Associated Press
Chicago police lead a demonstrator from Grant Park during demonstrations that disrupted the Democratic National Convention in August 1968.
The Democratic National Convention of August 1968 was the coup de grâce in the Democrats’ hapless attempts to keep Richard Nixon from winning the November election. When Democrats again meet in Chicago this August, what will it take for Joe Biden to prevent a variation on the theme? The answer begins and ends with Gaza.
I lived through these events as a young journalist. In case you didn’t, here’s a recap.
On March 12, 1968, Sen. Eugene McCarthy, as a peace candidate, nearly defeated President Lyndon Johnson in the New Hampshire primary. On March 16, seeing Johnson’s vulnerability, Bobby Kennedy entered the race as a second anti-war candidate and one with special appeal to African Americans. On March 31, Lyndon Johnson announced he would not seek re-election.
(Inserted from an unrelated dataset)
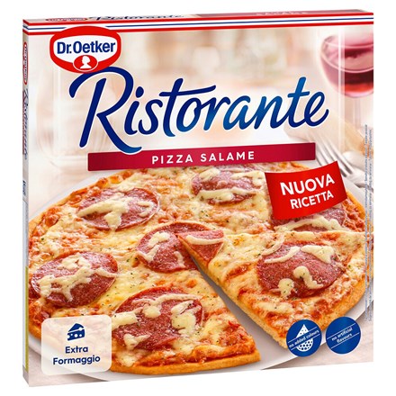 - PŠENIČNÁ MOUKA, 14 % pasírovaná rajčata, 12 % SÝR MOZZARELLA, 12 % salám (vepřové maso, slanina, jedlá sůl, koření, dextróza, cibulový prášek, česnekový prášek, extrakt koření, stabilizátor (dusitan sodný), antioxidant (výtažky z rozmarýnu), kouř), voda, 7,3 % rajčatový koncentrát, 4,6 % SÝR EIDAM, řepkový olej, pekařské droždí, sůl, cukr, extra panenský olivový olej, oregano, bazalka, pepř, paprika, petržel
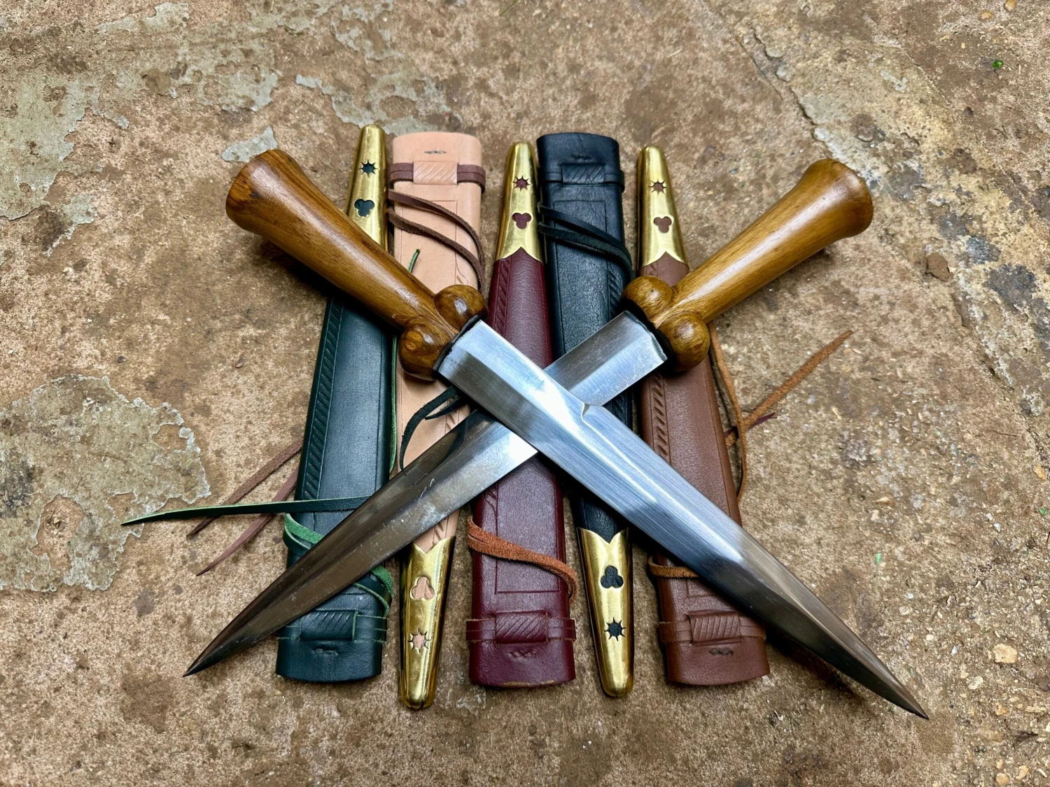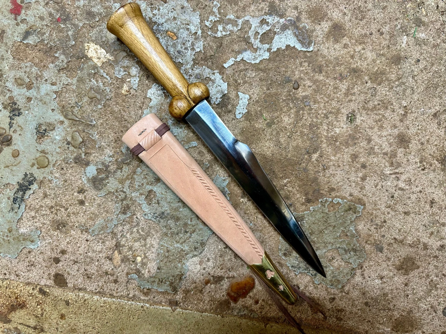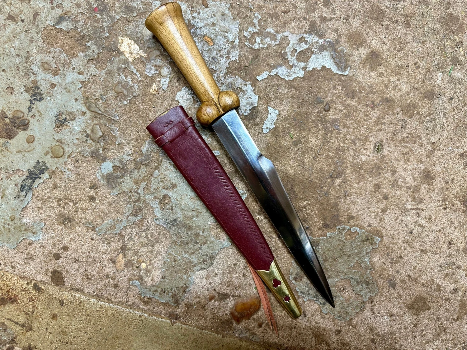 Bollock daggers started around 1300 and were utility knives and at the time that meant both for working around the home, farm and general tasks and part of that would have been civil defence. This blade form is all about this dual use. The double edge is all about fighting and the flat recessed blade back is all about tasks and work and its lowly status is shown in its lack of a guard.

But Kennedy, who became the front-runner, was assassinated after winning the California primary in June. That left Vice President Hubert Humphrey as the likely nominee. However, Humphrey could not bring himself to make a decisive break with Johnson’s war policy. So Democrats were badly divided going into their convention.
What happened next turned division into fiasco. Tens of thousands of anti-war demonstrators, the vast majority planning a peaceful protest, came to Chicago. But as New Left leader Tom Hayden later acknowledged, the smaller group of radicals deliberately provoked the Chicago police into a violent response.
And the police did not disappoint. The ensuing brutalization was later described in the official Walker Commission report as a “police riot.” The mayhem at Grant Park and on Michigan Avenue in downtown Chicago was echoed inside the hall.
Connecticut Sen. Abraham Ribicoff, far from a radical, nominated George McGovern (as a pure protest—McGovern wasn’t running), famously declaring, “With George McGovern as president, we wouldn’t have Gestapo tactics in the streets of Chicago.” Mayor Richard J. Daley, sitting in the hall, responded with a stream of epithets. He later claimed he called Ribicoff a “faker.” Lip readers read Daley’s words as “You fucking kike!”
Though Humphrey belatedly embraced more of an anti-war position, it was too late.
Joe Biden begins with one big advantage. He will have a far more unified party inside the convention hall. But in the streets, there is likely to be the same dynamic of mostly peaceful demonstrators on Israel-Palestine, as well as a fringe bent on provoking violence. Mayor Daley, mercifully, is long gone; and the current mayor, Brandon Johnson, a progressive, will do everything he can to avert another police riot.
But to minimize the risks of another Chicago fiasco and damp down the risk of violent protests that associate his administration with chaos, Biden will need to move the Israel-Palestine mess to an entirely different phase. There needs to be no more bait and switch by Bibi Netanyahu, who one day says he will seriously negotiate a cease-fire and hostage deal and the next insists that he will invade Rafah.
Biden needs to resolve that he is done being played for a fool. Even if Biden does succeed in ending the Gaza war, beginning the process of a regional settlement, and even forcing the ouster of Netanyahu, the intoxication of student protest has taken on a life of its own. Pro-Palestinian protesters have added new demands, such as divestment, which were not part of the original protests.
Like Hayden in 1968, radicals are using liberals. Most critics of the Gaza war are not antisemites and most demonstrators are not resorting to violence. But the school year will soon be over, and the Chicago convention is the next logical target. Even if Biden does everything right, it will not be enough for the radicals, but the road to a relatively peaceful Chicago begins with a reversal of U.S. Israel policy and major steps toward peace in the Middle East.
The odds of drawing to an inside straight are about 1 in 12. Unless Biden drastically changes his strategy on constraining Netanyahu, those are about the odds of averting a Chicago debacle. Unlike poker players, Biden has some influence over what’s in the cards. It’s past time for him to use it.